The details of the function arguments come from the function
prototype. The function prototype must precede the function declaration
in the file.
@item
statement: if_statement OR expression_statement OR return_statement
@item
if_statement: if (expression) @{ statements @} else @{ statements @}
The first lot of statements is executed if the expression is
nonzero. Otherwise the second lot of statements is executed. Either
list of statements may be empty, but both sets of braces and the else must be present.
@smallexample
if (a==b)
@{
// @r{nothing}
@}
else
@{
a=b;
@}
@end smallexample
@item
expression_statement: expression;
The expression is executed and any side effects, such
@item
return_statement: return expression_opt;
Returns from the function. If the function is void, the expression must
be absent, and if the function is not void the expression must be
present.
@item
expression: variable OR integer_constant OR expression+expression
OR expression-expression OR expression==expression OR (expression)
OR variable=expression OR function_call
An expression can be a constant or a variable reference or a
function_call. Expressions can be combined as a sum of two expressions
or the difference of two expressions, or an equality test of two
expresions. An assignment is also an expression. Expresions and operator
precedence work as in C.
@item
function_call: function_name (comma_separated_expressions)
This invokes the function, passing to it the values of the expressions
as actual parameters.
@end itemize
@cindex compilers
@node Compiler Overview, TREELANG and GCC, Parsing Syntax, Top
@chapter Compiler Overview
treelang is run as part of the GCC compiler.
@itemize @bullet
@cindex source code
@cindex file, source
@cindex code, source
@cindex source file
@item
It reads a user's program, stored in a file and containing instructions
written in the appropriate language (Treelang, C, and so on).

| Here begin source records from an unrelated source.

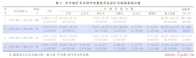 筆者依據(jù)長寧地區(qū)B井筇竹寺組黑色頁巖的巖礦、地化和測井響應(yīng)資料,建立了中下部4段合計厚度159m頁巖的電阻率與TOC、黏土礦物的關(guān)系圖表(圖4、表3),以了解哪種物質(zhì)是控制頁巖導(dǎo)電性的主要介質(zhì)。此項研究的結(jié)果顯示,筇竹寺組黑色頁巖電阻率與黏土礦物含量無明顯相關(guān)性,但與TOC呈良好的負(fù)相關(guān)性,具體描述如下:①1730.88~1831.825m井段,厚度l01m,黏土礦物含量為28.4%~48.1%,TOC不足l%(平均0.42%),有機質(zhì)總體較少,頁巖電阻率值一般為220~686W·m,顯然是黏土礦物的導(dǎo)電性在發(fā)揮主導(dǎo)作用,并且呈現(xiàn)高阻特征;②l831.825~1851.565m井段,厚度20m,黏土礦物含量保持穩(wěn)定(29.2%~44.5%),而有機質(zhì)含量開始增加,TOC一般介于1.0%~2.2%(平均為1.3%),頁巖電阻率則下降至18~202W·m(多為l0~100W·m),頁巖電性出現(xiàn)由高阻向低阻過渡特征,這表明有機質(zhì)導(dǎo)電性開始顯現(xiàn),其電阻率較黏土礦物低;③1851.565~1871.46m,厚度20m,黏土含量略有下降(一般為24.2%~43.7%),有機質(zhì)含量增至l.9%~3.3%,頁巖電阻率則快速下降至0.9~7.6W·m,表現(xiàn)為明顯的低阻特征,這說明有機質(zhì)具有較低電阻率,并且開始主導(dǎo)頁巖地層的導(dǎo)電性;④l871.46~1889.77m,厚度18m,黏土礦物含量下降至l8%~40%(平均為25.1%),有機質(zhì)含量增加至2.2%~7.1%(平均為4.3%),頁巖電阻率則下降至0.1~1W·m,大大低于龍馬溪組頁巖和渤海灣地區(qū)低阻砂泥巖的電阻率,呈現(xiàn)超低電阻特征,這進(jìn)一步證實筇竹寺組頁巖有機質(zhì)具有較強的導(dǎo)電性(圖4、表3)。由此推測,川南筇竹寺組頁巖中的有機質(zhì)可能出現(xiàn)了明顯的碳化現(xiàn)象,因而具有比黏土礦物更強的導(dǎo)電性,進(jìn)而導(dǎo)致富有機質(zhì)頁巖段(TOC>2%)具有低一超低電阻特征。
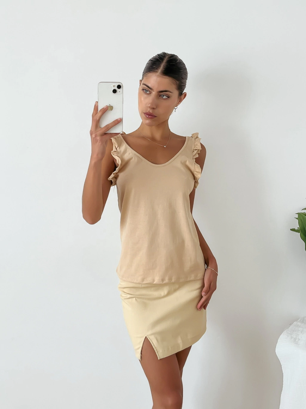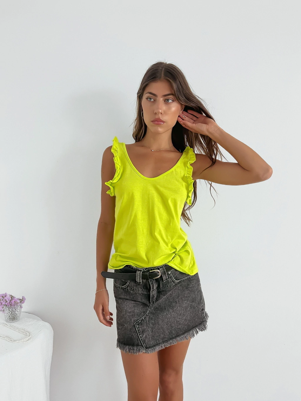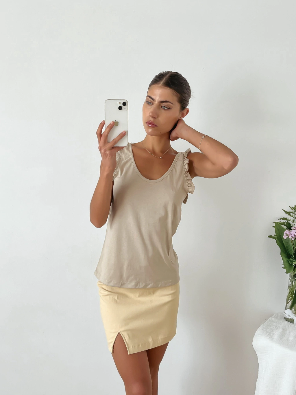 Tiene un escote en U que queda súper favorecedor y esos voladitos en los breteles y la sisa le dan un toque tierno y romántico que amamos 💕
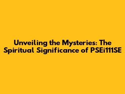 Unlocking The Secrets: PSEi111SE's Spiritual Significance

This file
contains @dfn{source code}.
@cindex translation of user programs
@cindex machine code
@cindex code, machine
@cindex mistakes
@item
It translates the user's program into instructions a computer can carry
out more quickly than it takes to translate the instructions in the
first place. These instructions are called @dfn{machine code}---code
designed to be efficiently translated and processed by a machine such as
a computer. Humans usually aren't as good writing machine code as they
are at writing Treelang or C, because it is easy to make tiny mistakes
writing machine code. When writing Treelang or C, it is easy to make
big mistakes. But you can only make one mistake, because the compiler
stops after it finds any problem.
@cindex debugger
@cindex bugs, finding
@cindex @code{gdb}, command
@cindex commands, @code{gdb}
@item
It provides information in the generated machine code
that can make it easier to find bugs in the program
(using a debugging tool, called a @dfn{debugger},
such as @code{gdb}).
@cindex libraries
@cindex linking
@cindex @code{ld} command
@cindex commands, @code{ld}
@item
It locates and gathers machine code already generated to perform actions
requested by statements in the user's program. This machine code is
organized into @dfn{libraries} and is located and gathered during the
@dfn{link} phase of the compilation process. (Linking often is thought
of as a separate step, because it can be directly invoked via the
@code{ld} command. However, the @code{gcc} command, as with most
compiler commands, automatically performs the linking step by calling on
@code{ld} directly, unless asked to not do so by the user.)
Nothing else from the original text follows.